Gray Area vs Pure White
Both from Sherwin-Williams's palette. Hue-wise, Gray Area belongs to the greige-grey family and Pure White to the beige-greige family. Pure White (LRV 84) reflects noticeably more light than Gray Area (LRV 39), a difference of 45 points that becomes especially apparent in rooms with limited natural light. Both lean warm, so they'll behave similarly in mixed or changing light conditions. With a ΔE of 25.7, the contrast is hard to miss. These aren't variations on a theme — they're two different answers to the same question. Below you'll find 7 real-room photo comparisons where both colors appear side by side, plus 5 simulated room previews.
Gray Area vs Pure White in Real Spaces
7 real rooms side by side. Seeing Gray Area and Pure White in actual rooms makes the difference concrete; browse the spaces below to get a feel for how each color lives on a wall.
Living Room
In a living room, color works across both daylight and evening light — the same wall can read very differently at noon and at 8pm. The LRV gap is large enough that Pure White will make the room feel meaningfully brighter than Gray Area would.
Bedroom
The context that matters most in a bedroom is how a color reads under a bedside lamp at night, not under noon daylight. Pure White reflects noticeably more light off the walls, making the space read more open than Gray Area.
Kitchen
In a kitchen, colors are seen under bright task lighting that amplifies undertones — what reads neutral elsewhere can show its hand here. Pure White reflects noticeably more light off the walls, making the space read more open than Gray Area.
Bathroom
Bathrooms are one of the few spaces where you're genuinely enclosed by the paint color, which makes the choice between these two more consequential. Pure White reflects noticeably more light off the walls, making the space read more open than Gray Area.
Home Office
The test for a home office color isn't how it looks in a quick glance — it's whether it still feels right after a full day of work. Pure White reflects noticeably more light off the walls, making the space read more open than Gray Area.
House
Seen across an entire facade, subtle tonal differences become pronounced. What reads as nearly the same on a chip often reads as clearly different at scale. Pure White reflects noticeably more light off the walls, making the space read more open than Gray Area.
Front Door
A front door is a focal point — small color differences read clearly at this concentrated scale. The LRV gap is large enough that Pure White will make the room feel meaningfully brighter than Gray Area would.
Color Details
Gray Area vs Pure White Simulated Comparison
5 simulated room previews — drag the slider on each to see Gray Area on one side and Pure White on the other.
Digital color is approximate. These simulations are generated from the manufacturer's hex values and overlaid on grayscale room photos — your screen's calibration, brightness, and viewing angle all affect how they render. Before committing to either color, test physical samples in your own space under the light you actually live with.
More Gray Area comparisons
See how Gray Area stacks up against other well-photographed colors across different brands and tones.

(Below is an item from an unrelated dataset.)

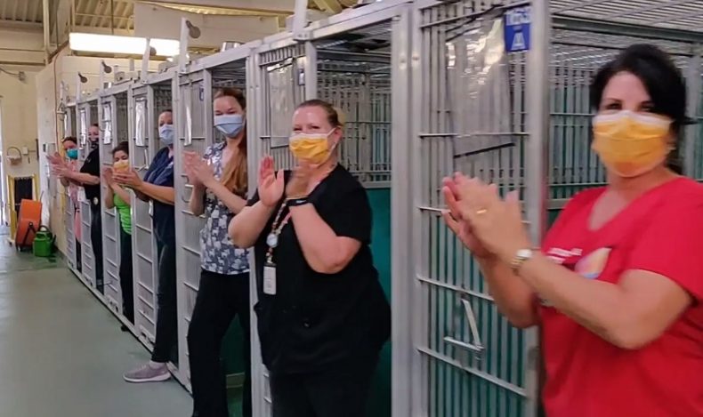 Su Facebook è stato condiviso un video che vede i responsabili prendere posto in ciascuna delle gabbie aperte, applaudendo all’unisono per la loro gioia.

White Dove reflects far more light (LRV 83 vs 39), opening up a space where Gray Area encloses it.


At LRV 52 vs 39, Purbeck Stone is decisively the brighter choice.


A 8-point LRV gap (39 vs 30) makes Gray Area the marginally brighter of the two.



At LRV 60 vs 39, Agreeable Gray is decisively the brighter choice.


Accessible Beige reflects far more light (LRV 58 vs 39), opening up a space where Gray Area encloses it.


Gray Area reads slightly lighter (LRV 39 vs 27), a gap that shows most in low-lit rooms.


A 5-point LRV gap (43 vs 39) makes French Gray the marginally brighter of the two.


Tranquil Dawn reflects far more light (LRV 55 vs 39), opening up a space where Gray Area encloses it.


Hardwick White reads slightly lighter (LRV 44 vs 39), a gap that shows most in low-lit rooms.


Balboa Mist reflects far more light (LRV 66 vs 39), opening up a space where Gray Area encloses it.


Shoji White reflects far more light (LRV 74 vs 39), opening up a space where Gray Area encloses it.


Gray Area reflects far more light (LRV 39 vs 12), opening up a space where Pewter Green encloses it.


Skimming Stone reflects far more light (LRV 68 vs 39), opening up a space where Gray Area encloses it.


Gray Area reflects far more light (LRV 39 vs 12), opening up a space where Vintage Vogue encloses it.


Saybrook Sage reads slightly lighter (LRV 45 vs 39), a gap that shows most in low-lit rooms.


A 7-point LRV gap (39 vs 31) makes Gray Area the marginally brighter of the two.


At LRV 39 vs 7, Gray Area is decisively the brighter choice.


At LRV 39 vs 24, Gray Area is decisively the brighter choice.


At LRV 57 vs 39, Guilford Green is decisively the brighter choice.


At LRV 72 vs 39, Just Walnut is decisively the brighter choice.